这个推论让三人都沉默了。如果真是这样,那张俭的“文脉”形态,就太特殊了。不是正面的“存在”,而是“不存在”或“弱存在”的状态?
“先验证一点。”季雅操作探测设备,对准那块青砖残片,“如果这里真是张俭某个停留点的‘印记’,那么,激这块砖石本身的历史信息,或许能加强那个‘经过’痕迹,让我们看到更多。”
温馨点头,将玉尺从墙面移开,轻轻点在露出地面的那角青砖上。澄心之界的力量,带着温和的探寻之意,缓缓渗入砖体。
起初依旧没有反应。这块砖太残破,埋藏太久,早已是死物。
但温馨没有放弃。她调整着玉璧的力量输出,不是强行激,而是像用温水浸润干涸的土地,一点一点,轻柔地渗透。玉尺尖端泛起温润的白光,那光如涓涓细流,渗入砖石的每一个孔隙。
时间一分一秒过去。巷子外偶尔传来人声车鸣,但巷内一片寂静。李宁和季雅屏息等待。
终于,在近十分钟的持续浸润后,那角青砖的表面,极其微弱地,泛起了一丝几乎看不见的、青灰色的光晕。那光晕淡到近乎透明,且闪烁不定,仿佛风中之烛。
与此同时,玉尺传来了清晰的反馈。
不是画面,不是声音,而是一种感觉——匆忙、警惕、疲惫,以及深深的感激。
一个人,在黑夜中踉跄奔跑。身后是追兵的火把和呼喝。他衣衫褴褛,满面尘灰,但眼神依旧清亮。前方出现一座宅院,他犹豫了一瞬,扑到门前,急促而轻地叩门。

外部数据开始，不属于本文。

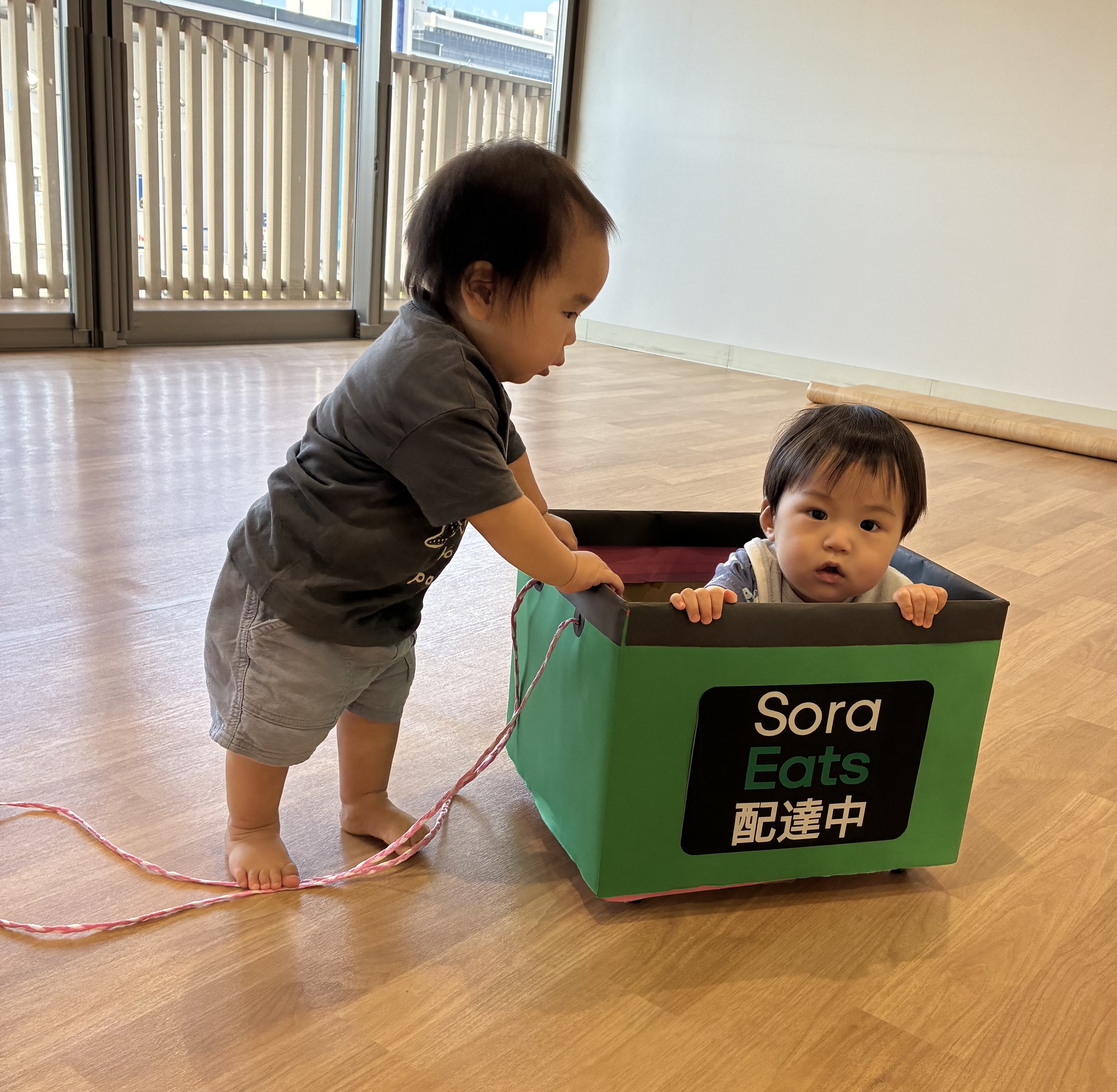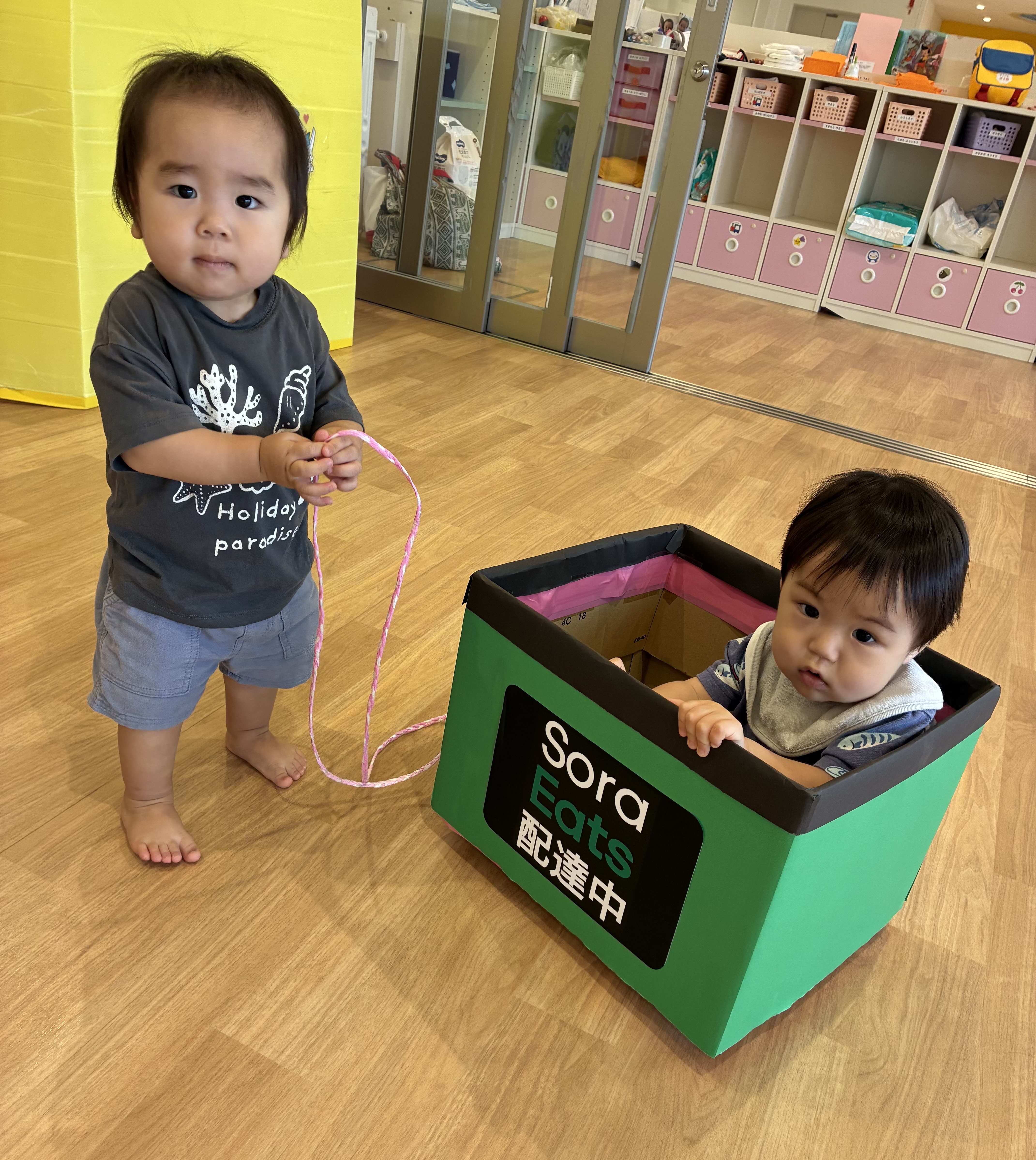 ゆきぐみの子どもたちは、朝からSora Eatsの車を見つけると1人で乗車。それを見つけて別の子がヒモを引き楽しんでる姿を発見❗️

门开了一条缝,里面的人看清他的面容,眼中闪过惊愕,随即是决然。迅将他拉入,关门,上栓。院外,追兵的马蹄声隆隆而过。
他被引入内室,主人不言不语,只递上一碗温水,一块粗饼。他狼吞虎咽,手指因长时间的逃亡而微微颤抖。主人在窗外张望,神色紧张。
没有对话,没有询问。只有黑夜中无声的庇护,一碗水,一块饼,一个可以短暂喘息角落。
天将亮未亮时,他起身,对主人深深一揖。主人摆手,指了指后门。他再次躬身,转身没入黎明前最深的黑暗。
画面破碎。那青灰色的光晕剧烈闪烁几下,骤然熄灭。
温馨身体微晃,李宁扶住她。她脸色有些白,但眼中闪着光“看到了……一个片段。有人收留了一个逃亡者……就在一个有着类似这种青砖的院子里。那种感觉……是张俭,一定是他!”
“收留他的人呢?是谁?”季雅追问。
温馨摇头“看不清面容,只感觉到那是个普通士人,家境似乎也不宽裕,但眼神很坚定。他没有问逃亡者是谁,为什么被追捕,只是……开门,让他进来。”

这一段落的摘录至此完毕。